Between 1807 and 1811 its two seats were held by two future Prime Ministers: Arthur Wellesley, later to become the Duke of Wellington (who also found himself elected to two other seats at the same time), and Henry Temple (later Lord Palmerston), who would go on to become one of the United Kingdom's most notable Prime Ministers. Palmerston's late father had been unable to convert his Irish title into a United Kingdom peerage, therefore the young politician was able to enter the Commons. The local patron arranging the deal was Sir Leonard Holmes, who made it a condition that they never visited the borough.

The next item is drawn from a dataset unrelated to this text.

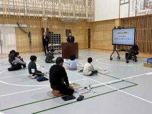 12月18日(木) 書き初め講師の横尾先生をお招きし、書き初め練習会を実施しました。体育館に集まった子供たちは、いつもとは違う大きな紙と太い筆に少し緊張した面持ちでしたが、横尾先生から筆の運びや文字のバランスについて丁寧なご指導をいただくと、集中して筆を動かし始めました。
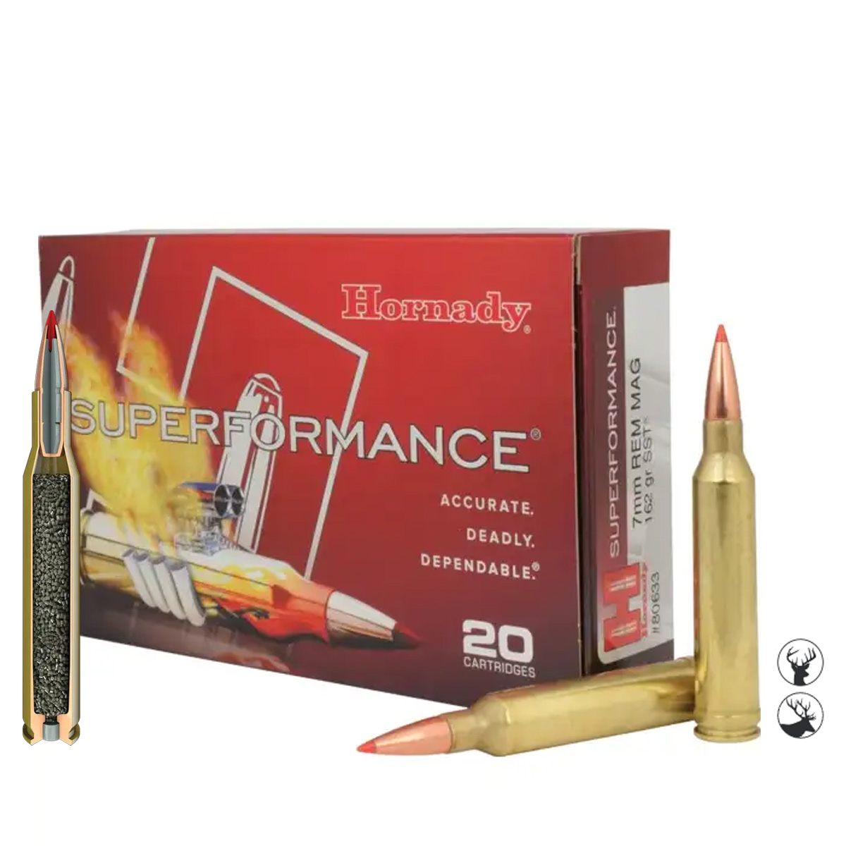 Modelul 80633 este alegerea supremă pentru vânătorul care dorește să transforme calibrul 7mm Rem Mag într-o forță de oprire de neoprit. Masa de 162 grani combinată cu viteza Superformance oferă o energie de peste 4400 Jouli la plecare, fiind capabilă să livreze rezultate etice la distanțe mari asupra mistreților capitali sau cerbilor. Este, practic, una dintre cele mai performante încărcări disponibile pentru acest calibru magnum.

The borough was also represented by two other future Prime Ministers in the 1820s. George Canning was MP for Newport when appointed Prime Minister in 1827; however, under the law as it then stood a minister accepting office automatically vacated his seat and had to stand for re-election to the Commons, and Canning chose to stand at Seaford, a government pocket borough in Sussex, rather than fight Newport again. In the by-election that followed at Newport, the vacancy was filled by the election of the Honourable William Lamb, later 2nd Viscount Melbourne, whose father had also represented the borough in the 1790s. However, Lamb remained MP for Newport for only two weeks before also being elected for Bletchingley, which he preferred to represent.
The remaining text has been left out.